• **INSTRUCTIONS FOR THE TASK**:
The answer should consist of the records below, repeated exactly, and no pictures.

::: ENTRIES SUPPLIED

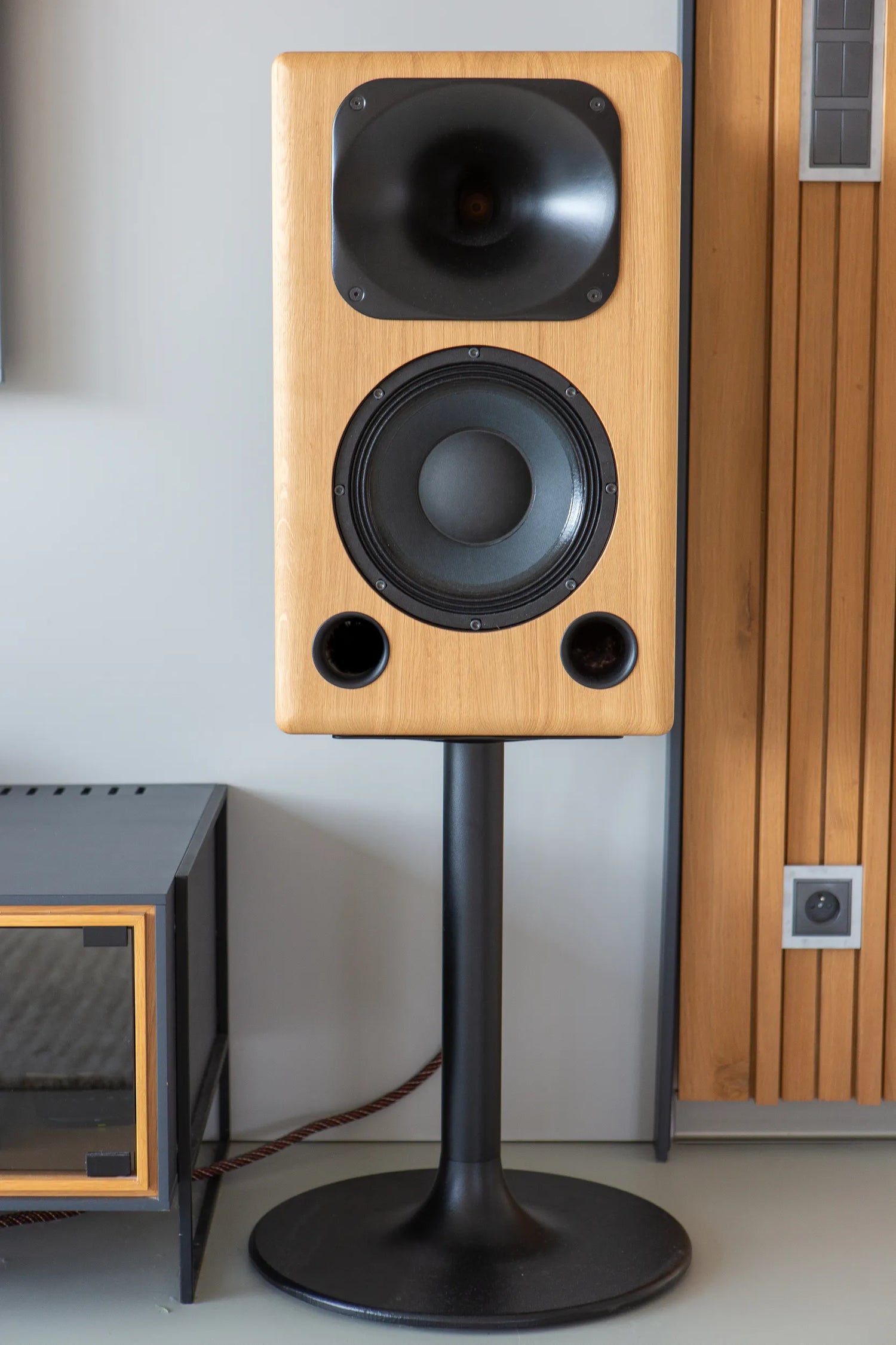 - Position the speakers so that your ear in your listening position is between the midbass driver and the tweeter (choose the height of the stand accordingly).
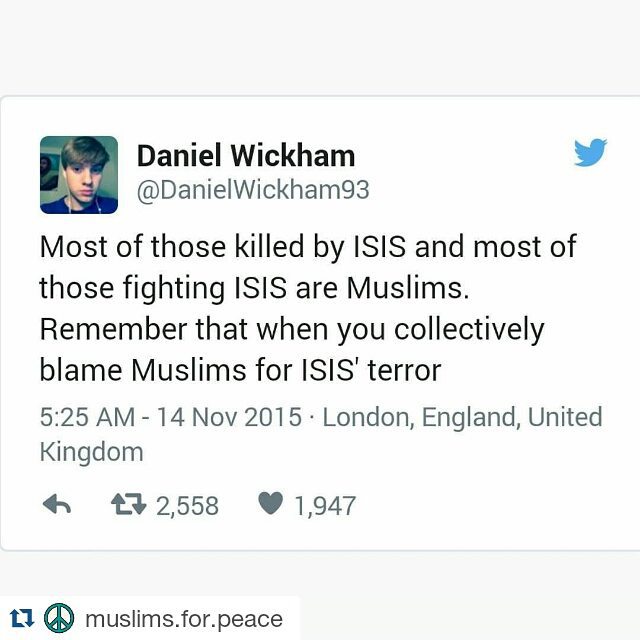 "Большинство из тех, кого убил ИГИЛ, - мусльмане, и большинство из тех, кто борется с ИГИЛ, - мусльмане. Помните это, когда массово обвиняете мусульман в терроре ИГИЛ"
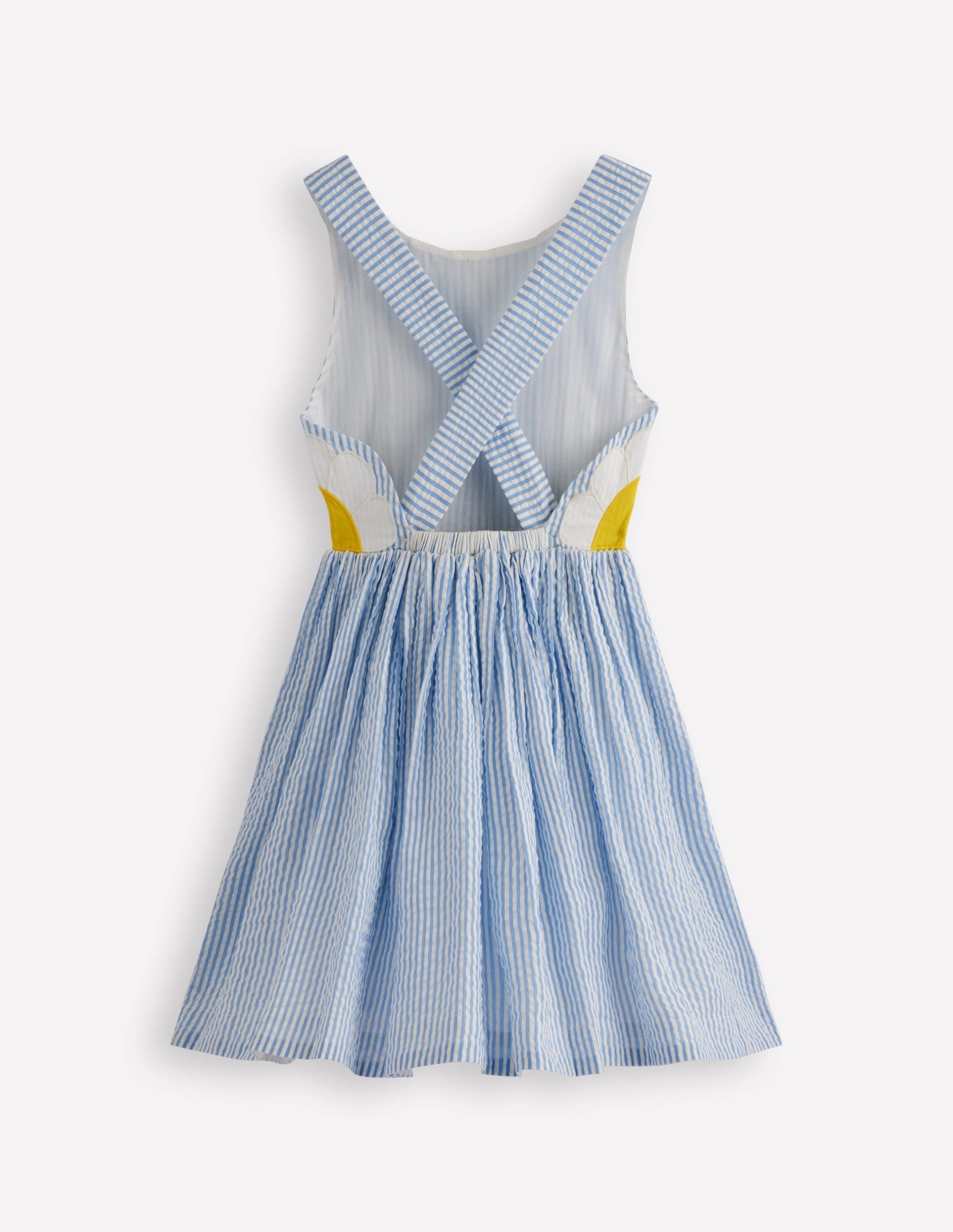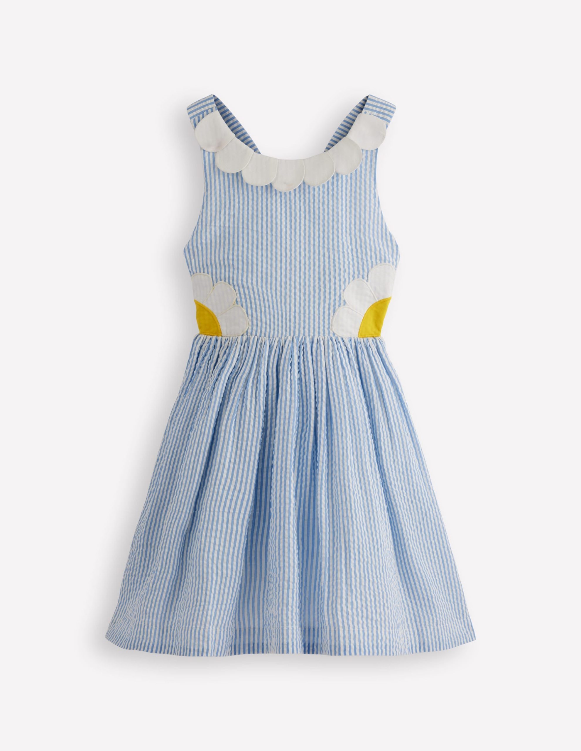 Novelty Cross-back Dress-Blue Daisy Applique
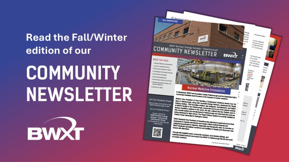 The Canadian Nuclear Safety Commission recently shared their notice of a public meeting in May 2026. During the meeting, BWXT will provide an update on the first five years of our licence. More information can be found below.
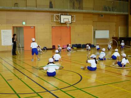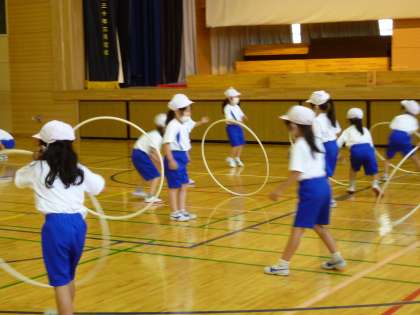 フラフープを使って、転がしたり、くぐったりして遊びました。
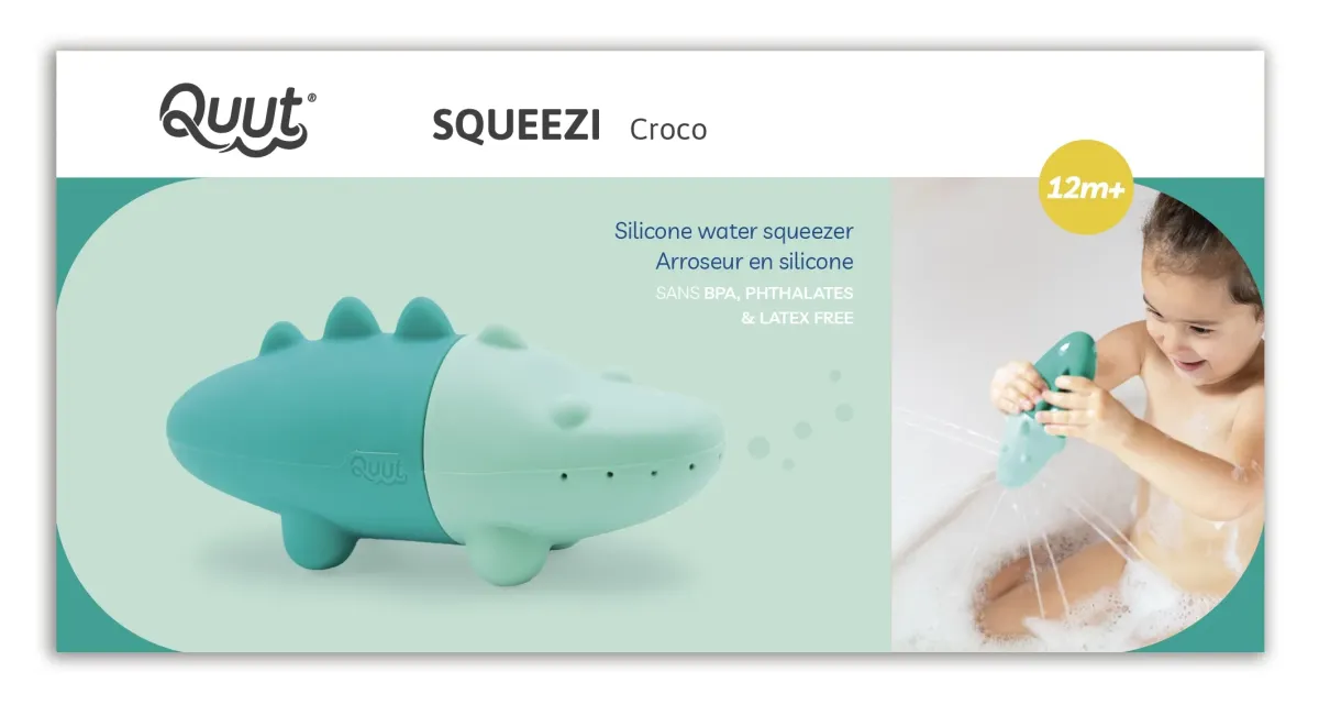 Croco te guidera à travers les rivières de tes rêves les plus fous et les eaux aventureuses de la baignoire ! Même les plus petites mains peuvent facilement le remplir d’eau. Il suffit de le presser sous l’eau pour le remplir. Une fois l’aventure terminée, il suffit de presser l’eau pour la faire sortir et regarder le crocodile flotter.
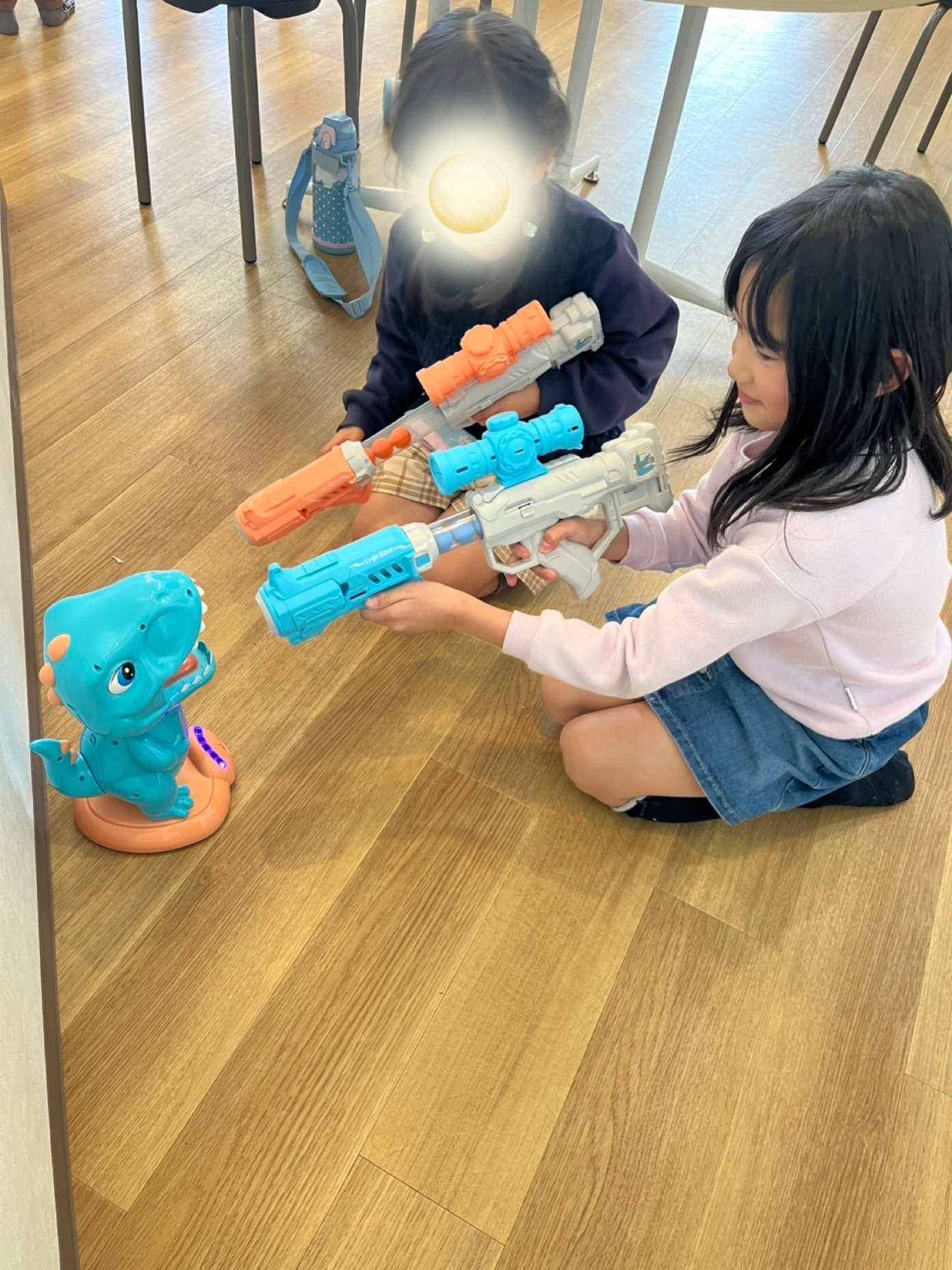 今日も元気にアフタースクールに「ただいまー!」 みんなの元気な声で賑やかなアフタースクールが先生達は大好きです😍 まずは宿題を済ませてたくさん遊びますよ😆 こちらの男の子達はドッヂボールのグループ分けをしています😊 4年生がみんなを仕切ってくれるのでスムーズに決めることが出来ていました😆 こちらは恐竜の口の中にボールを撃つおもちゃで遊んでいる様子😄 ……
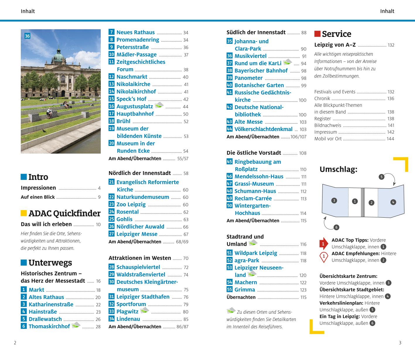 Hinweis zur OptimierungImpressumAnleitung zur eBook-NutzungSymbole AllgemeinADAC Top TippsADAC EmpfehlungenEin Tag in LeipzigImpressionen aus LeipzigAuf einen BlickUnterwegsLeipzig von A-ZFestivals und EventsChronikMobil vor OrtÜbersichtskarten
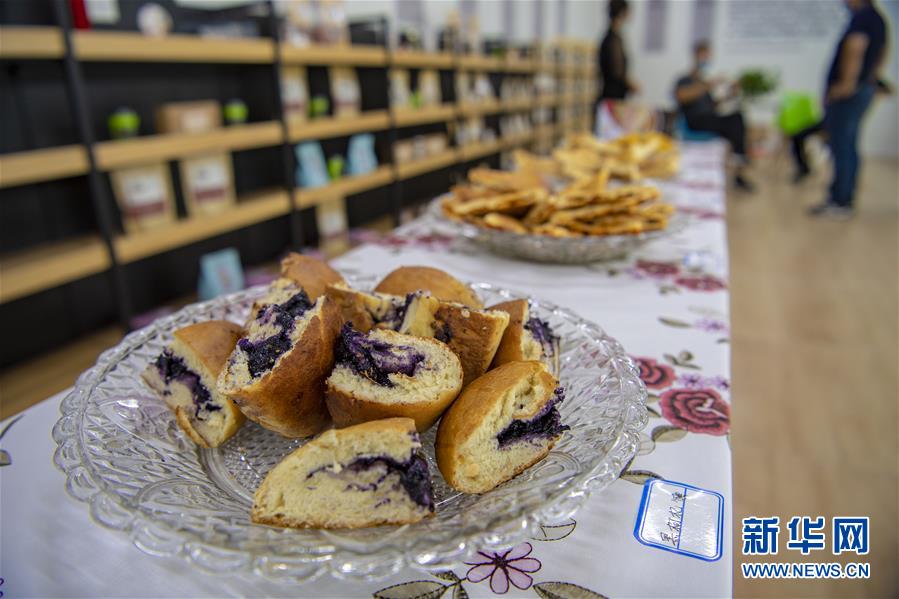 7月13日在新疆精河縣精河鎮(zhèn)馕文化產(chǎn)業(yè)示范基地拍攝的供顧客品嘗的“黑枸杞馕”。近日,新疆精河縣10萬余畝枸杞陸續(xù)成熟,當?shù)剞r(nóng)民搶抓農(nóng)時,采收枸杞。近年來,精河縣持續(xù)發(fā)展和培育枸杞“紅色產(chǎn)業(yè)鏈”,加大資金扶持力度,提升精河枸杞的品牌效應(yīng),帶動農(nóng)民增收致富。精河縣位于新疆天山山脈北麓,準噶爾盆地西南邊緣。當?shù)厝照諘r間長、晝夜溫差大且氣候干燥,有利于枸杞果實糖分和藥用成分積累。新華社記者 胡虎虎 攝

::::::

• **ANSWER TO THIS EXERCISE**:
 - Position the speakers so that your ear in your listening position is between the midbass driver and the tweeter (choose the height of the stand accordingly).
 "Большинство из тех, кого убил ИГИЛ, - мусльмане, и большинство из тех, кто борется с ИГИЛ, - мусльмане. Помните это, когда массово обвиняете мусульман в терроре ИГИЛ"
 Novelty Cross-back Dress-Blue Daisy Applique
 The Canadian Nuclear Safety Commission recently shared their notice of a public meeting in May 2026. During the meeting, BWXT will provide an update on the first five years of our licence. More information can be found below.
 フラフープを使って、転がしたり、くぐったりして遊びました。
 Croco te guidera à travers les rivières de tes rêves les plus fous et les eaux aventureuses de la baignoire ! Même les plus petites mains peuvent facilement le remplir d’eau. Il suffit de le presser sous l’eau pour le remplir. Une fois l’aventure terminée, il suffit de presser l’eau pour la faire sortir et regarder le crocodile flotter.
 今日も元気にアフタースクールに「ただいまー!」 みんなの元気な声で賑やかなアフタースクールが先生達は大好きです😍 まずは宿題を済ませてたくさん遊びますよ😆 こちらの男の子達はドッヂボールのグループ分けをしています😊 4年生がみんなを仕切ってくれるのでスムーズに決めることが出来ていました😆 こちらは恐竜の口の中にボールを撃つおもちゃで遊んでいる様子😄 ……
 Hinweis zur OptimierungImpressumAnleitung zur eBook-NutzungSymbole AllgemeinADAC Top TippsADAC EmpfehlungenEin Tag in LeipzigImpressionen aus LeipzigAuf einen BlickUnterwegsLeipzig von A-ZFestivals und EventsChronikMobil vor OrtÜbersichtskarten
 7月13日在新疆精河縣精河鎮(zhèn)馕文化產(chǎn)業(yè)示范基地拍攝的供顧客品嘗的“黑枸杞馕”。近日,新疆精河縣10萬余畝枸杞陸續(xù)成熟,當?shù)剞r(nóng)民搶抓農(nóng)時,采收枸杞。近年來,精河縣持續(xù)發(fā)展和培育枸杞“紅色產(chǎn)業(yè)鏈”,加大資金扶持力度,提升精河枸杞的品牌效應(yīng),帶動農(nóng)民增收致富。精河縣位于新疆天山山脈北麓,準噶爾盆地西南邊緣。當?shù)厝照諘r間長、晝夜溫差大且氣候干燥,有利于枸杞果實糖分和藥用成分積累。新華社記者 胡虎虎 攝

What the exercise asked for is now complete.